= Scientific Research Group In Egypt =

Scientific Research Group in Egypt (SRGE) is a group of young Egyptian researchers established under the chairman of the group founder Prof. Aboul Ella Hassanien (Professor of Information Technology at the Faculty of Computer and Information, Cairo University). The main target of the group is establishing a research community for sharing common interests. Therefore the research map of the group consists of multidisciplinary research interests including: Networks, Intelligent Environment, bio-informatics, chemoinformatics, and information security.

==SRGE Objectives==
- Encourage young academic researchers to collaborate within a well-established research community.
- Applying new computational designing and solutions for a number of new emerged challenges, especially those related to the Egyptian society.
- Establishing connections and joint research activities with other international research groups.
- Helping PhD/Master group’s members to produce high-quality academic research, and guiding them to publish their work in a prestigious and well-known journals.

==SRGE Research Directions==

===Bioinformatics and Biomedical Engineering===
The Bioinformatics team focus on the clinical results to design a computer-based decision support systems. The team is responsible for designing methods for sampling, analyzing, and investigating collected data. The current research area includes: Medical image processing, Breast cancer, Liver fibrosis and tumor detection, within sonar, MRI, fMRI, and CT images.

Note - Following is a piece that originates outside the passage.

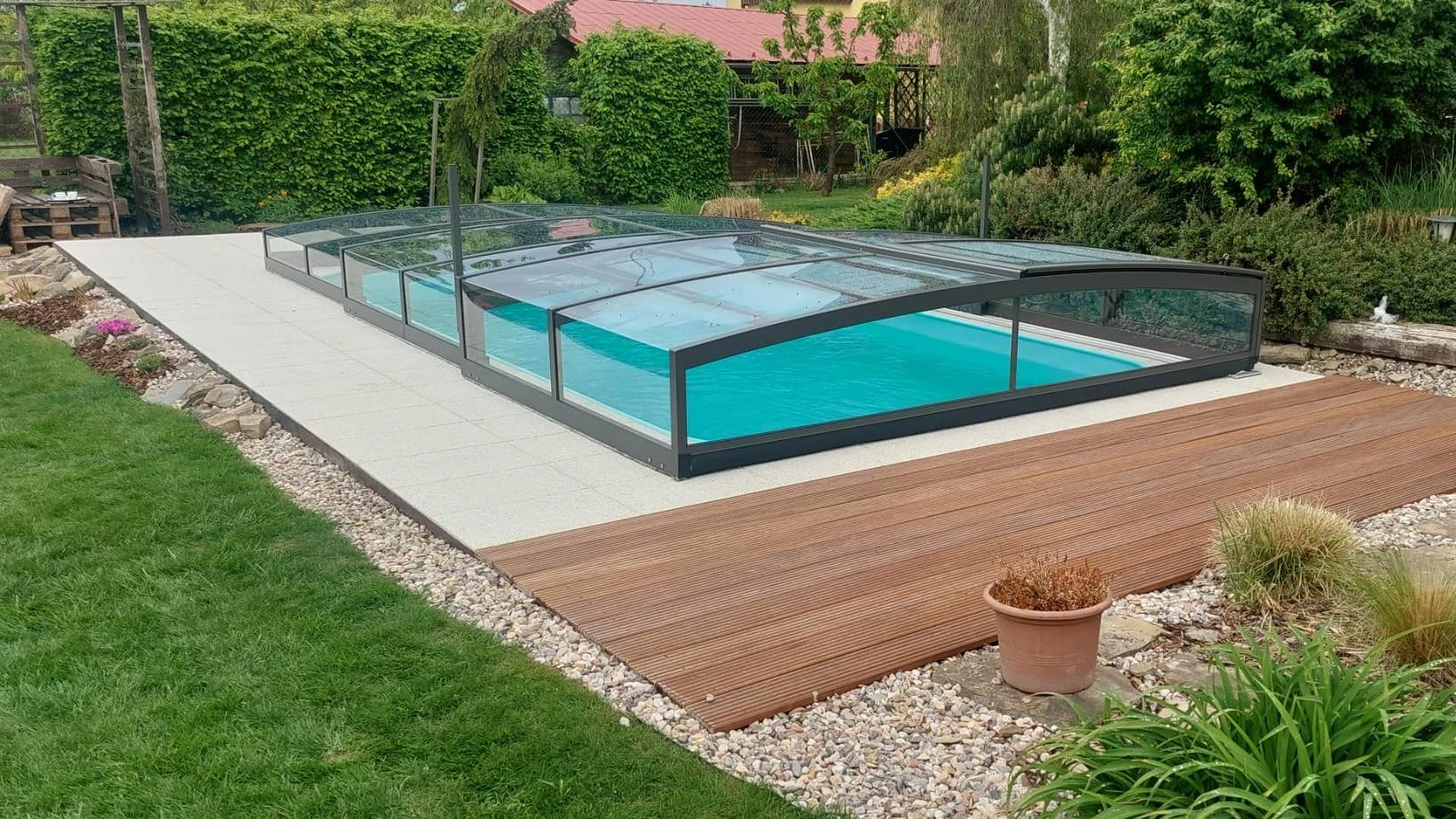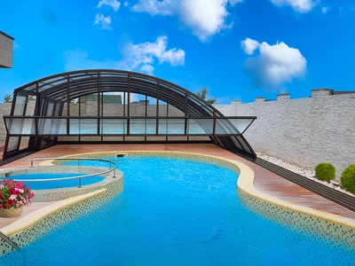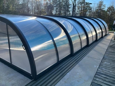 Transparenta polykarbonatpaneler ger fri sikt över poolen även när taket är stängt och förstärker den visuella kontakten med vattenytan. Säkerhetslåset förhindrar att taket öppnas av misstag eller blåser upp vid plötsliga vindbyar när du inte är på plats, vilket skyddar både pool och omgivning.
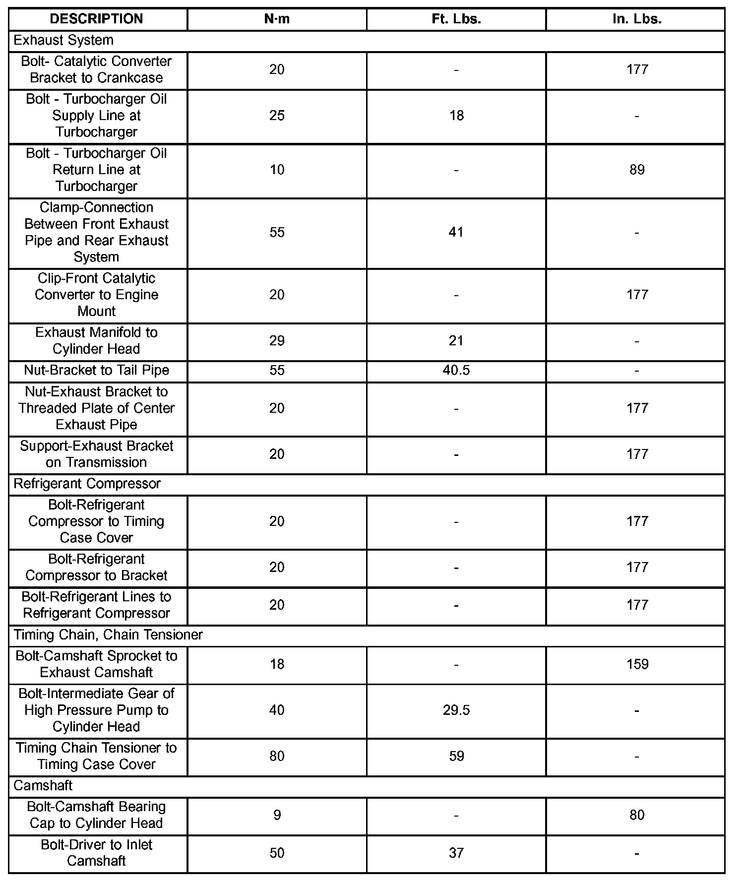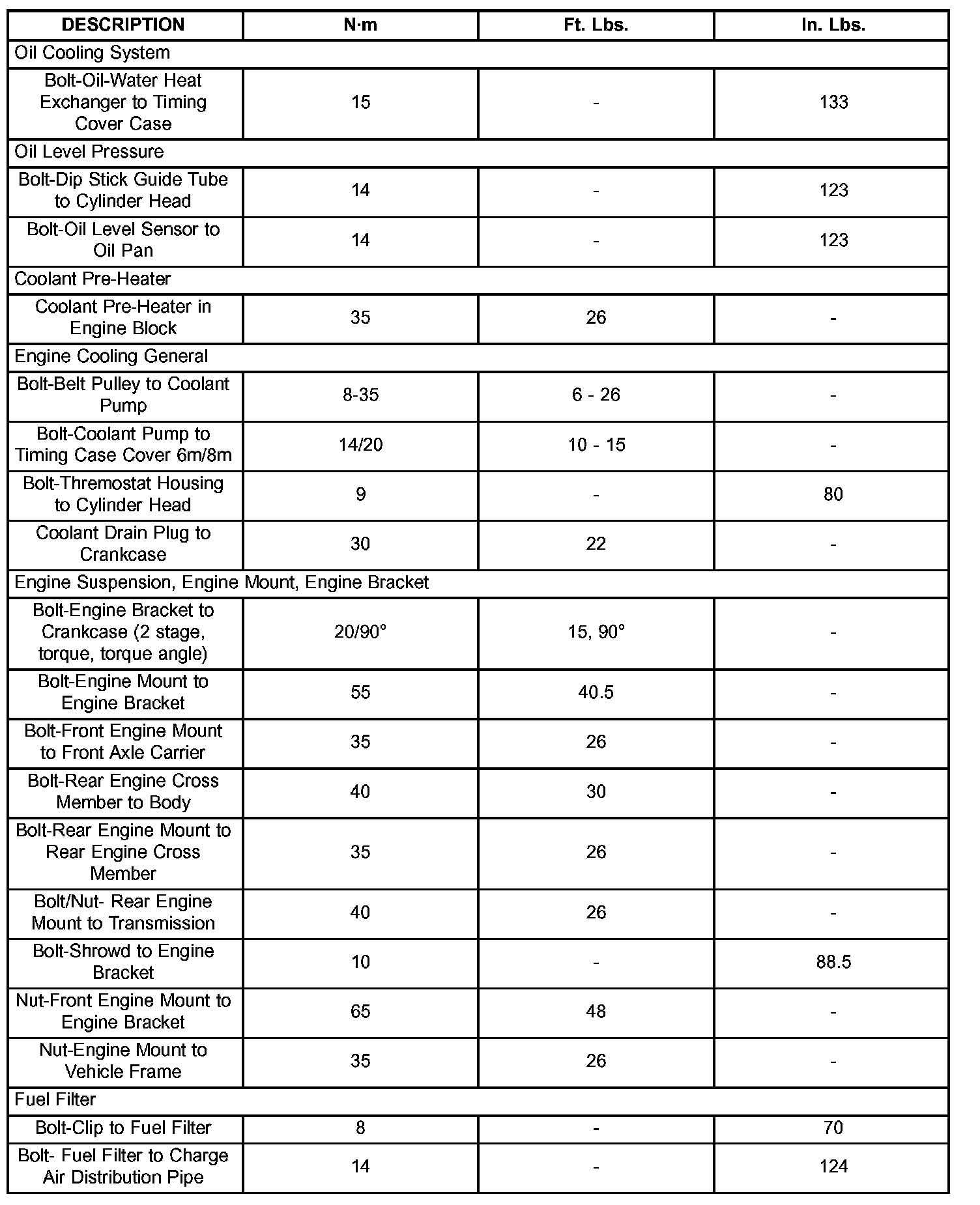 Engine Torque Specifications

===Intelligent Environment and Applications===
The Intelligent environment (IE) refers to the application of ubiquitous and wireless devices to solve some of the environmental-related challenges; such as monitoring water/air pollution levels, smart home applications. Moreover, IE allowing smart devices to automatically react to the people reactions such as voice, gestures, or movements, therefore they are suitable for disabled people.

===Network and Information Security (NIS)===
Information security is one of the challenging issue for any ICT emerging technology. The NIC team is responsible for detecting the security challenges and provide suitable solutions. A number of current researches have been conducted such as image authentications through watermarking and biometrics approaches, and secure communication and cryptography.

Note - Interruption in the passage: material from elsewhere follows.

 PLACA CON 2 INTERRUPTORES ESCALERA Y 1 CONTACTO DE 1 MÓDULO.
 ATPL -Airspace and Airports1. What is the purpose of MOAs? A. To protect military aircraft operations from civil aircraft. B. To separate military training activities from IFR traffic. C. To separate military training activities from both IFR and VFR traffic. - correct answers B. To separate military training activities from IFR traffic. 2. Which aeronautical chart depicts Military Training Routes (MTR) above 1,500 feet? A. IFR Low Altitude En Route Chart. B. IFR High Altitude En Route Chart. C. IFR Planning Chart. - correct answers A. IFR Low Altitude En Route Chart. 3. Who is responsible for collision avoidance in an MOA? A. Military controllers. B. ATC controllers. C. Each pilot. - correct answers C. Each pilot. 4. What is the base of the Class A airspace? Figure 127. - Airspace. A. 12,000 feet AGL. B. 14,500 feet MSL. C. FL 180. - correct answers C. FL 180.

===Social networks and Graph Mining===
The social networks along with the increase importance of the graph as an important modeling tool to define complex structure, had encouraged the SRGE board member to establish this research direction. Currently a number of PhD and MSc. students carried out a number of project to analysis some large amount of structured data through the application of data and graph mining approaches.

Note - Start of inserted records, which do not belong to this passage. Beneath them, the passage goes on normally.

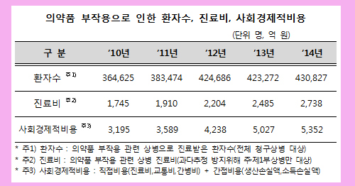 의약품 부작용으로 인한 사회적손실 연 5300억 달해
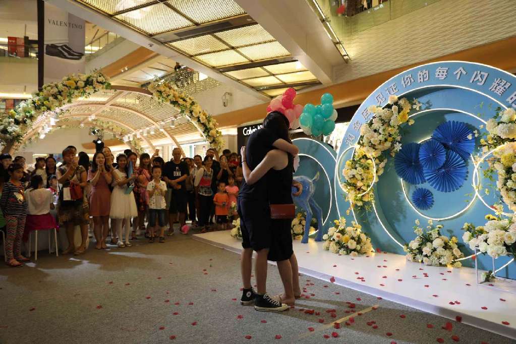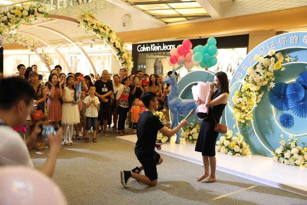開幕式當(dāng)天,潤金店工作人員還配合市民楊先生上演了一場浪漫的“求婚大作戰(zhàn)”。原來,數(shù)日前,楊先生到潤金店表示要買一枚與眾不同的戒指向女友求婚。在銷售顧問的建議下,楊先生選購了一枚藍(lán)寶石戒指作為求婚信物。得知楊先生的心意后,潤金店品牌策劃部決定與楊先一起在七夕當(dāng)天完成這場浪漫的“求婚大作戰(zhàn)”。當(dāng)天,楊先生帶著毫不知情的女友來到潤金店“炫出色彩 耀你不凡”VIP品鑒會現(xiàn)場。正當(dāng)女友全神貫注欣賞小提琴、拉丁舞等開幕式表演節(jié)目時,楊先生從兜里掏出事先準(zhǔn)備好的藍(lán)寶石戒指,單膝跪地向一臉茫然的女友喊:“嫁給我吧?!贝藭r,開幕式現(xiàn)場背景音樂“配合”地?fù)Q成了甜蜜的《今天你要嫁給我》。感動得熱淚盈眶的女友在圍觀市民的歡呼中,拉起了楊先生,并答應(yīng)了他的求婚。圍觀市民表示“七夕不過是路過,卻不料狠狠地吃了一把狗糧?!?/p>
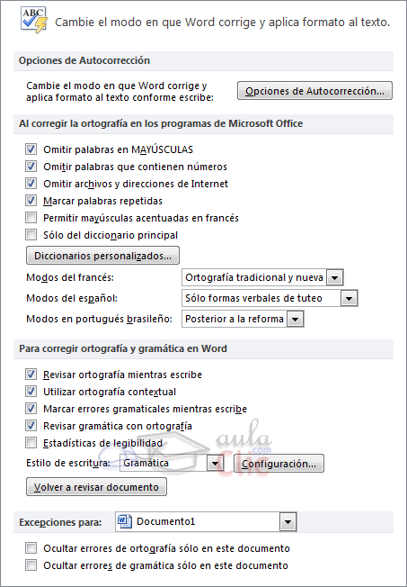 Debemos dejar sin marcar las casillas Revisar ortografía mientras escribe y Marcar errores gramaticales mientras escribe.
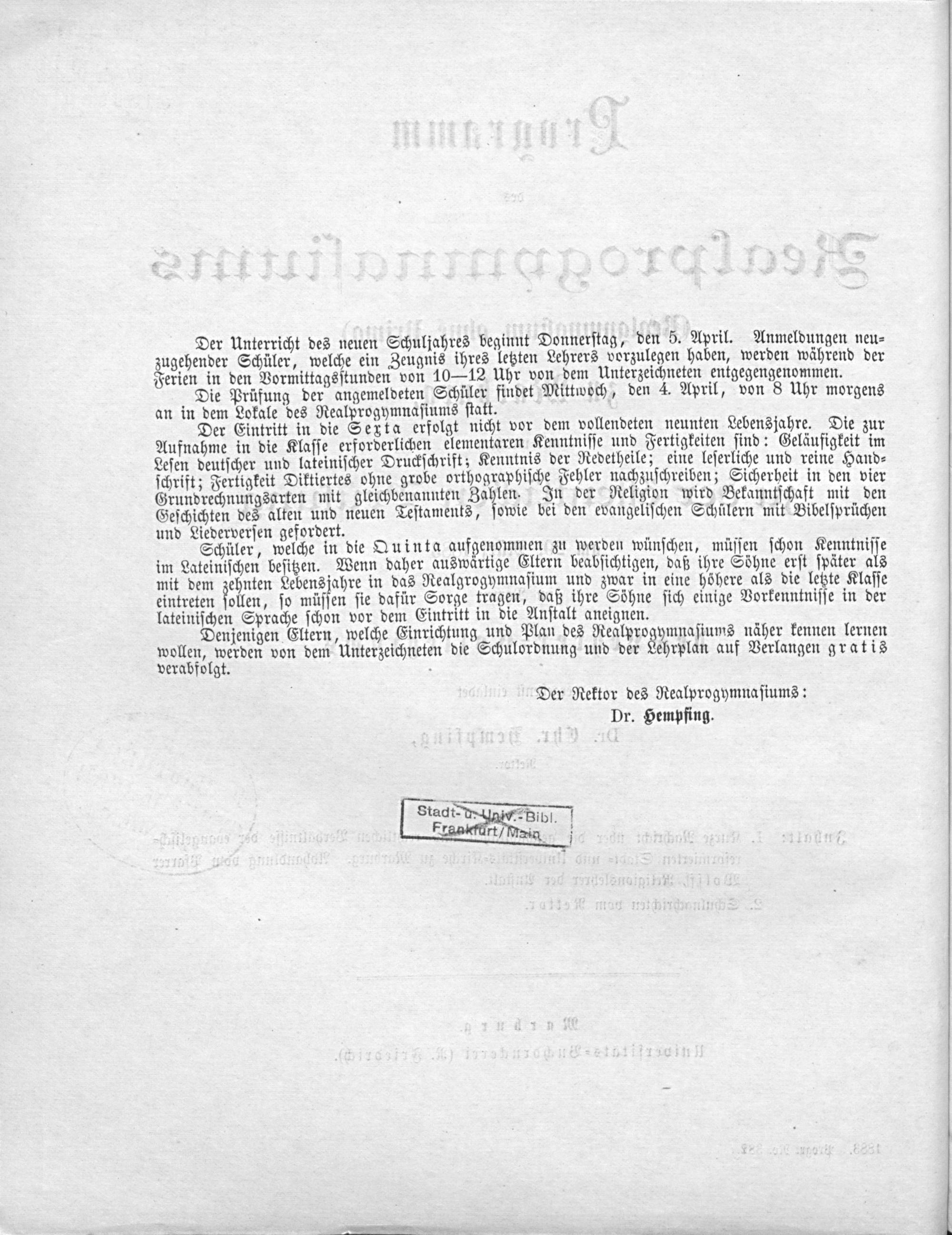 Programm des Realprogymnasiums (Realgymnasium ohne Prima) in Marburg

===Animal Identification===
The new advances in wireless communication raise the ability to use the human biometric identification approaches for animal identification domain and overcome some of the traditional identification methodologies. The animal biometrics include: muzzle prints, iris patterns, and vascular patterns detections. The responsible team will design and enhance the current application of computational-based animal detection methodologies.